Prescriptions for depression and anxiety in young adults are on the rise – The New Indian Express


Express press service

BENGALURU: A recent study in England revealed an increase in prescriptions for depression. Closer to home, anecdotal evidence in Karnataka has revealed that antidepressant prescriptions among adolescents have increased dramatically. The research from the University of Bristol, UK, was published in the Britain Journal of General Practice.

Doctors and mental health experts in Karnataka say the number of teenagers and young adults aged 10 to 24 suffering from anxiety and depression has doubled, and the use of drugs to combat these conditions has also increased.

Dr. Mahesh Gowda, psychiatrist and director of Spandana Healthcare, says: “The number of teenagers and young adults needing prescriptions for depression and anxiety has doubled. Post-Covid psychological presentations have increased dramatically, with many wishing for quick relief and speedy recovery. Prescription medications, if clients have medical indications, are important to ensure that they recover faster. Selective serotonin reuptake inhibitors (SSRIs) are commonly prescribed and withdrawn once they feel better.
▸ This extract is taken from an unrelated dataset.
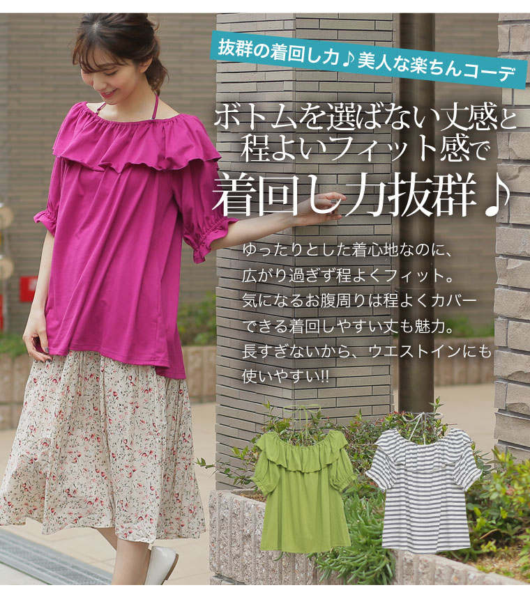 ゆったり着用できました。おしりが全部隠れる丈の長さで、袖は二の腕も隠れてうれしいです。オフショルダーにしても苦しくなく楽ちんに着用できてうれしいですね♪
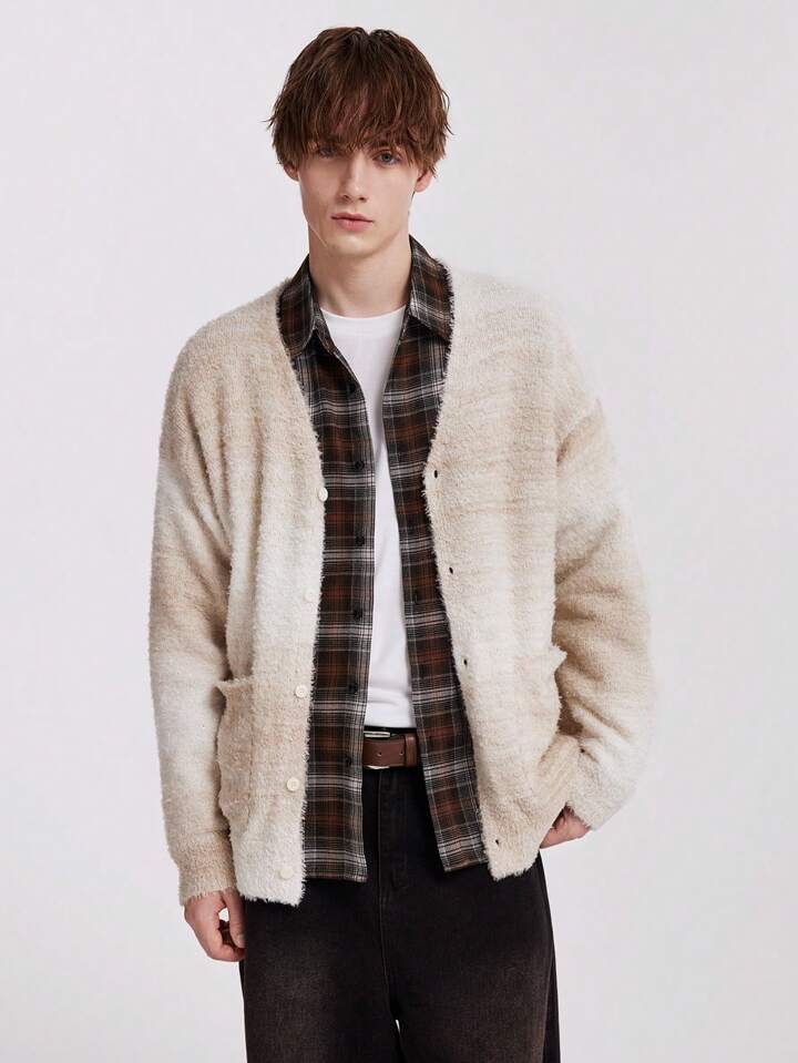 Street Life Men Grandpacore Solid Minimalist Casual Ombre Cardigan

Explaining that the incidence of mental disorders in this age group in India has risen from 7% to 14% post-Covid, Dr Preethi Galgali, consultant, pediatrician and adolescent health specialist, Nimhans, says the increase is due to various stressors they face. Immaturity in terms of brain development to adequately manage these stressors, and the absence of family and support systems compounded the problems, she adds.

“In addition to socio-economic reasons and academic pressure, Covid itself causes brain inflammation and a decrease in neurotransmitters like serotonin, which help stabilize mood. Many teenagers are trying to cope with Long Covid Syndrome…for example, type 2 diabetes mellitus, sleep problems, etc. Additionally, unhealthy eating habits during the pandemic have led to obesity and resulted in body image issues and depression,” Dr. Preeti said. Explain.

She says many have returned to school and college and have seen a major shift in peer equations due to the lack of social interactions during the pandemic. However, not everyone is put on medication. Dr. Raghu J, HoD and Senior Consultant, Internal Medicine and Infectious Diseases Specialist, Sakra World Hospital, explains that treatment includes cognitive behavioral therapy (or “talking therapy”) and when that does not work, people SSRIs such as fluoxetine or escitalopram are introduced for anxiety-related conditions in adolescents.

Explaining that it is sometimes important to prescribe these drugs if there are medical indications which otherwise can lead to severe depression and also suicide, Dr. Pallavi Joshi, Consultant, Psychiatrist, Manipal Hospitals generally states that antidepressants and mood stabilizers help them sleep, and sometimes medication is needed to disengage them from addictions. However, doctors warn that drugs should not be bought without a prescription or prescribed unnecessarily without proper assessment.